Или же – свидетельства тоски беспокойного духа:
«…Лу мне говорит не обращать на тебя внимания, потому что ты-де и Оллен и все остальные только палки нам в колеса суваете, но я не знаю и сказал ей – не знаю. Я сказал ей, во-первых, что пока не готов тут осесть, мол, не знаю, как тут все пучком и правда ли, что от добра добра не ищут. Поэтому я чуток еще пораскину мозгами…»
Так они и перемещались. И пусть с прошествием лет какие-то ветви семейства замедляли бег, преодолевая за жизнь поколения каких-нибудь миль десять-пятнадцать, все равно путь их лежал на запад.

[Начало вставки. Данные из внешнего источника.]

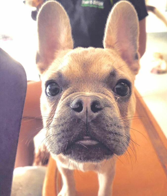 Szczeniak Buldoga Francuskiego patrzy z wyrzutem: co wy ludzie nam zrobiliście?

А кое-кого уж настойчивым внукам приходилось вытаскивать из развалюшных хором. А кое-кому со временем даже удавалось рождаться и умирать в одном и том же городке. Затем наконец появились Стэмперы заметно более практичного склада; Стэмперы с головами достаточно холодными, чтоб остановиться, оглядеться; рассудительные, вдумчивые Стэмперы, сумевшие изобличить свою семейную черту, нарекши ее «изъяном в породе», и взявшиеся за ее исправление.

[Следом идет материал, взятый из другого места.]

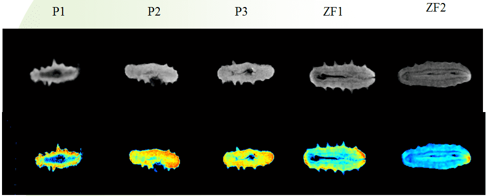 結論:在一定溫度下,隨著海參復水時間的延長(P1~P3,ZF1~ZF2),自由水含量不斷增大,水分流動性增大。T1加權像中反映越來越暗。T1加權像中弛豫時間越短,圖像越亮(偽彩圖中越紅)

Эти трезвомыслящие ребята приложили немало сил к тому, чтоб одолеть изъян, в самом деле потрудились, чтобы раз и навсегда прекратить это бессмысленное «всуешагание» на запад, остановиться, осесть, пустить корни и довольствоваться тем, что судил им великий Господь. Такие вот разумные люди.
– Что ж, теперь ладно… – Остановились на плоских равнинах Среднего Запада, открытых взору во всех направлениях. – Ладно. Наверное, незачем дальше идти. – Остановились и сказали: – Пора уж положить конец глупости, помыкавшей нашими предками; коли можно остановиться, оглядеться окрест и увидеть, что слева не лучше, чем справа, а впереди не больше полыни и ковыля, чем за спиной, и за тем холмом равнина не ровней всех прочих, что мы прошагали за две сотни лет, – так и на кой же ляд идти куда-то еще?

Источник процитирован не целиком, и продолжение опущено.